LEGGE DI STABILITA’: CONTRO LA POVERTA’ SERVE UN PIANO ORGANICO

Rassegna Sindacale online, nella sua nuova veste grafica e giornalistica che punta all’approfondimento delle notizie propone un’apertura sulle politiche contro la povertà. Non un intervento spot e riferito solo ad un segmento della popolazione, ma un Piano organico contro la povertà con l'introduzione progressiva del Reddito di inclusione sociale. È questa la richiesta al governo che parte, alla vigilia del varo della legge di Stabilità, dall'Alleanza contro la povertà, un cartello che raccoglie 35 soggetti appartenenti a istituzioni, sindacati (attiva al suo interno sin dall’inizio la Cgil) e terzo settore, che si sono riuniti ieri a Roma per una giornata di studio ed elaborazione. Il reddito di inclusione sociale proposto dall'Alleanza è un mix di misure di integrazione del reddito e di welfare territoriale da introdurre gradualmente, con in incremento progressivo dell'utenza, partendo il primo anno con un milione e quattrocentomila persone in condizione di più grave povertà, per poi estenderlo, fino a raggiungere nel 2019 i 6 milioni di persone in povertà assoluta. Con un conseguente incremento anno per anno della spesa da parte dello Stato, fino a renderla strutturale: per il primo anno occorrerebbero 1,8 miliardi per arrivare poi a 7 miliardi nel corso dei quattro anni.
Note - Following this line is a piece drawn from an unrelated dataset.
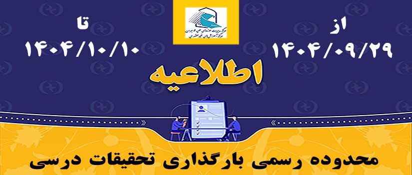همچنین یادآور میشود که سامانه جهت ارسال تحقیقات با محاسبه تاخیر و کسر نمره نیز از تاریخ 1404/10/11 تا 1404/10/12 فعال میباشد.
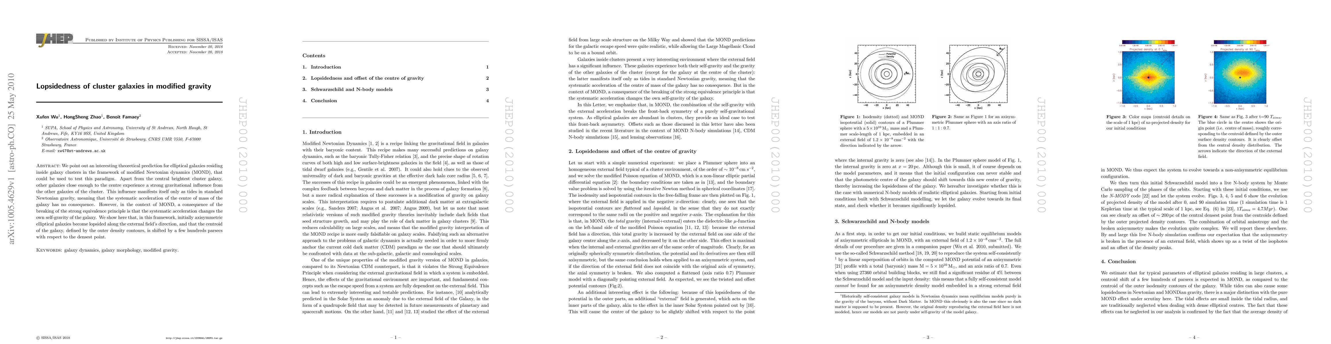 We point out an interesting theoretical prediction for elliptical galaxies residing inside galaxy clusters in the framework of modified Newtonian dynamics (MOND), that could be used to test this paradigm. Apart from the central brightest cluster galaxy, other galaxies close enough to the centre experience a strong gravitational influence from the other galaxies of the cluster. This influence manifests itself only as tides in standard Newtonian gravity, meaning that the systematic acceleration of the centre of mass of the galaxy has no consequence. However, in the context of MOND, a consequence of the breaking of the strong equivalence principle is that the systematic acceleration changes the own self-gravity of the galaxy. We show here that, in this framework, initially axisymmetric elliptical galaxies become lopsided along the external field's direction, and that the centroid of the galaxy, defined by the outer density contours, is shifted by a few hundreds parsecs with respect to the densest point.

ANALISI, OPINIONI E APPROFONDIMENTI

IL PROBLEMA PRINCIPALE E’ LA DISEGUAGLIANZA. Ne è convinto Robert Reich intervistato oggi su La Stampa (p.17) da Paolo Mastrolilli. “In America troppe diseguaglianze Rischiamo una svolta autoritaria” L’economista Reich: “La globalizzazione schiaccia la classe media Servono riforme per salvare il capitalismo dai leader populisti”. «Gl i Stati Uniti rischiano la svolta autoritaria, e l’Europa il ritorno ai nazionalismi che avevano provocato le due guerre mondiali, se non affronteranno i loro problemi economici con un riformismo che metta il sistema al servizio di tutti». L’allarme viene da Robert Reich, professore all’università di Berkeley e segretario al Lavoro durante l’amministrazione Clinton, che abbiamo sentito in occasione della pubblicazione in Italia da Fazi Editore del suo saggio «Come salvare il capitalismo». Nel mondo non c’è mai stata tanta diseguaglianza: perché? «Tre motivi. Primo, la globalizzazione ha trasferito parecchi lavori della classe media in Paesi dove i salari sono bassi; secondo, i cambiamenti tecnologici, il software, i robots, hanno rimpiazzato molti lavoratori; terzo, le persone  più ricche hanno acquistato una forte influenza politica con cui hanno riscritto le regole del capitalismo a loro favore» . Il capitalismo, però, va salvato e non abbattuto? «Non vedo alternative. Anche i Paesi scandinavi o la Cina sono capitalisti. Il problema è se il sistema funziona al servizio di pochi, o di tutti. Nella loro storia, gli Stati Uniti si sono già trovati 4 volte in situazioni simili, e hanno sempre scelto la strada delle riforme, per salvare il capitalismo da se stesso» (…).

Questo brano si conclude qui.